**Exercise goal:** Would you please copy only the lines from the line that contains "10月20日讯 米兰vs佛罗" to the end of the data below, exactly, leaving every picture out?

**Data extract:**
**********

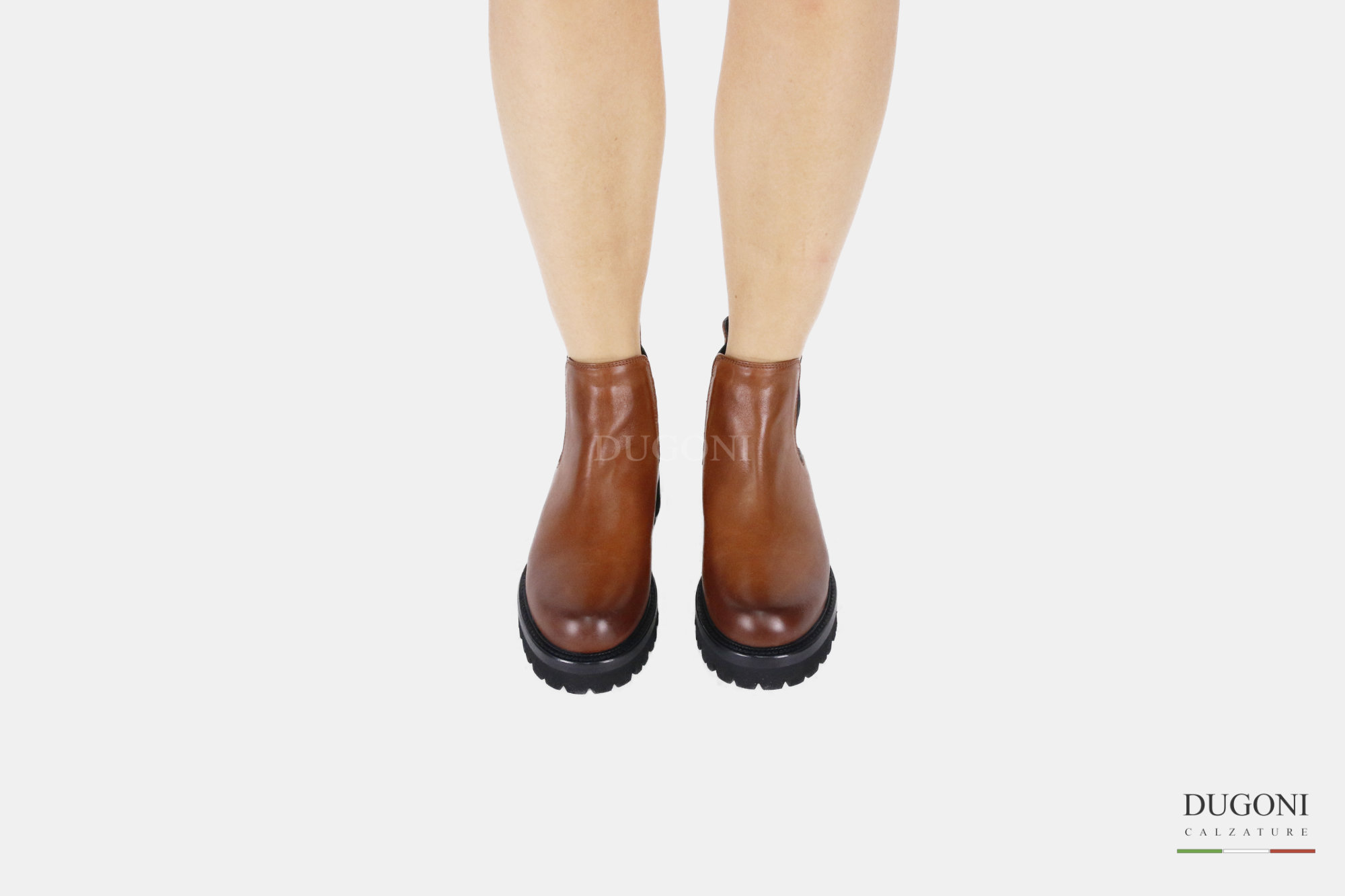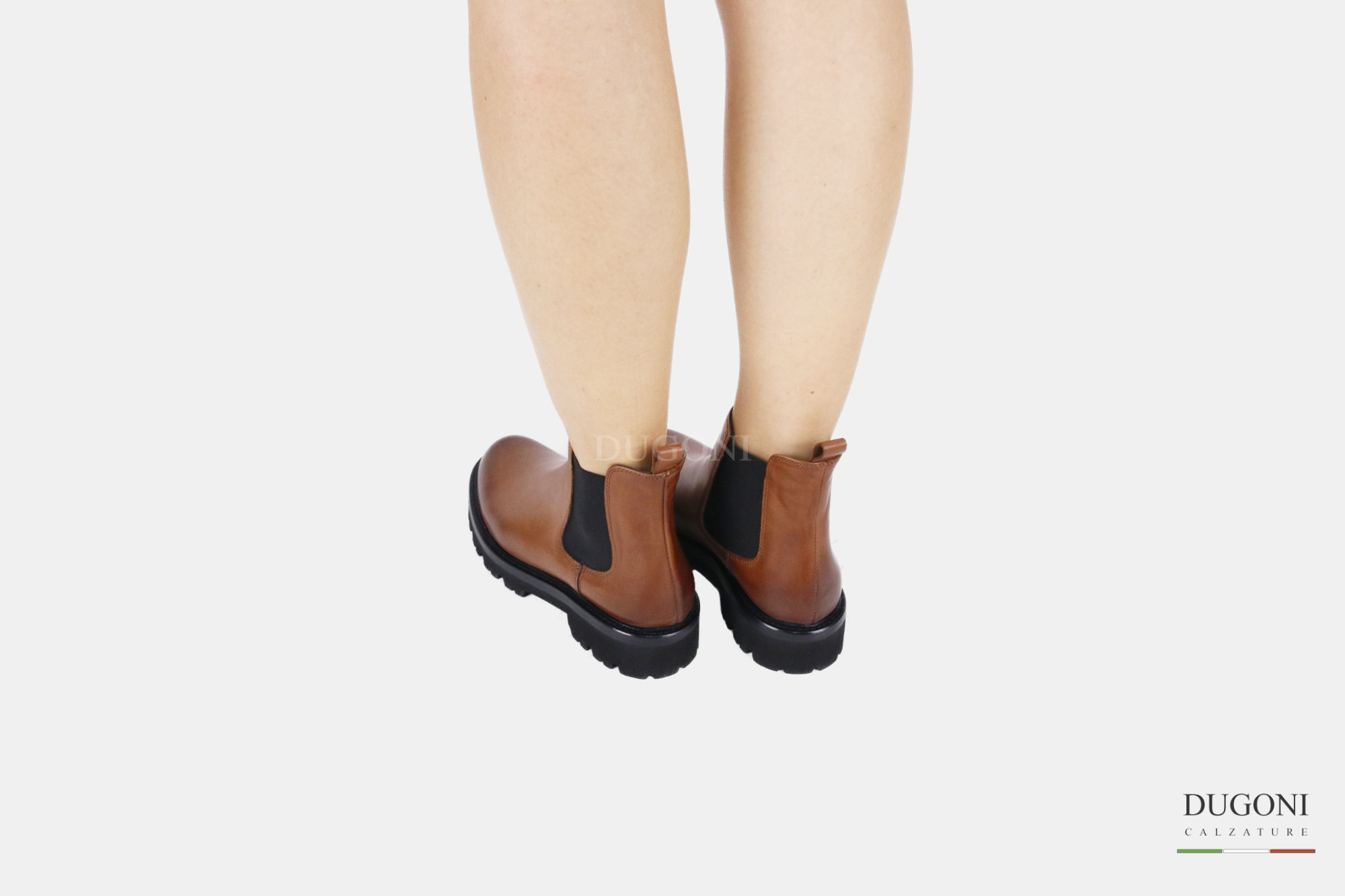 Stivaletto elastici in pelle marrone cuoio. Suola carrarmato gomma extralight .
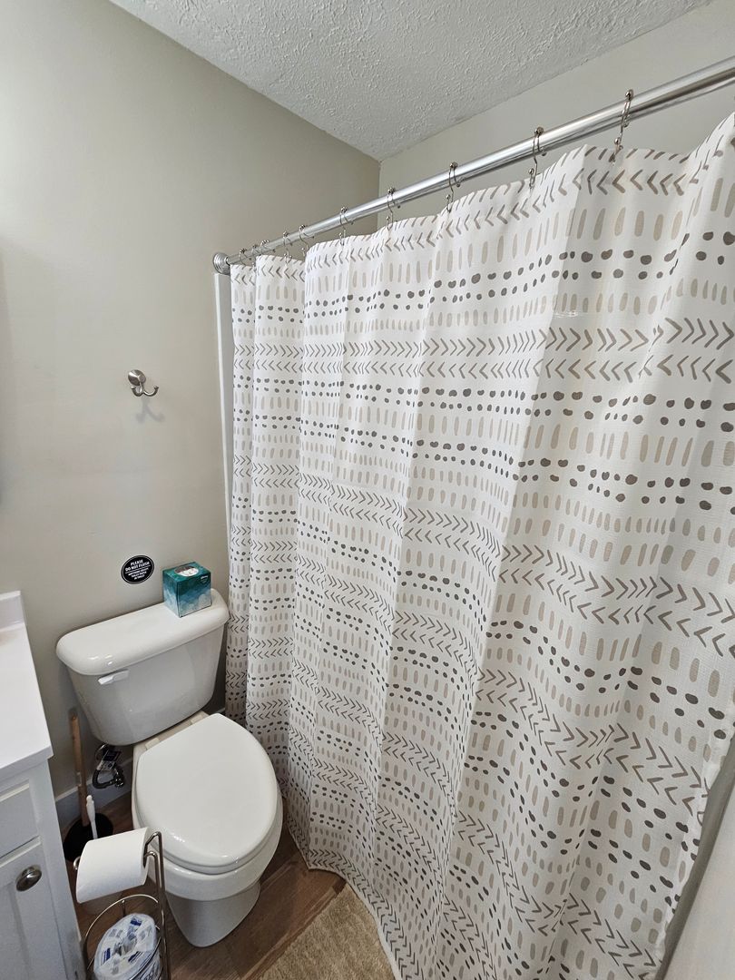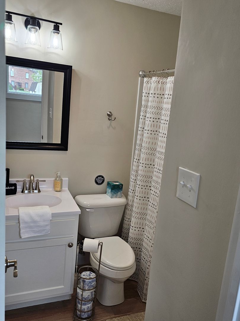 There is a full bathroom in the hallway to the other side of the kitchen with a tub/shower combination and under-the-sink storage. We provide towels and basic disposable toiletries for you to use during your stay.
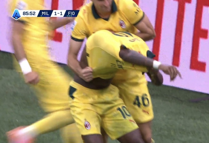 10月20日讯 米兰vs佛罗伦萨,第86分钟莱奥十二码球破门助米兰反超,足球直播无插件免费在线观看之后他想脱衣庆祝,被加比亚按住了!
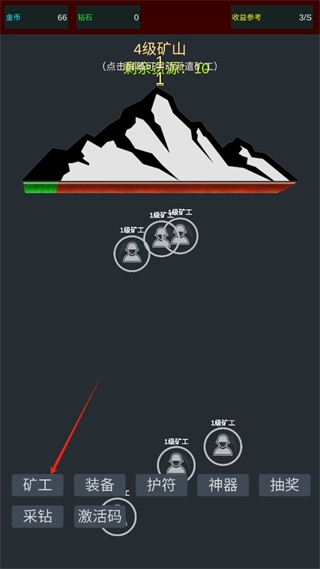 2、点击矿工,接着点击招募矿工,这样就能获取更多收获。

**********

**Task solution:**
 10月20日讯 米兰vs佛罗伦萨,第86分钟莱奥十二码球破门助米兰反超,足球直播无插件免费在线观看之后他想脱衣庆祝,被加比亚按住了!
 2、点击矿工,接着点击招募矿工,这样就能获取更多收获。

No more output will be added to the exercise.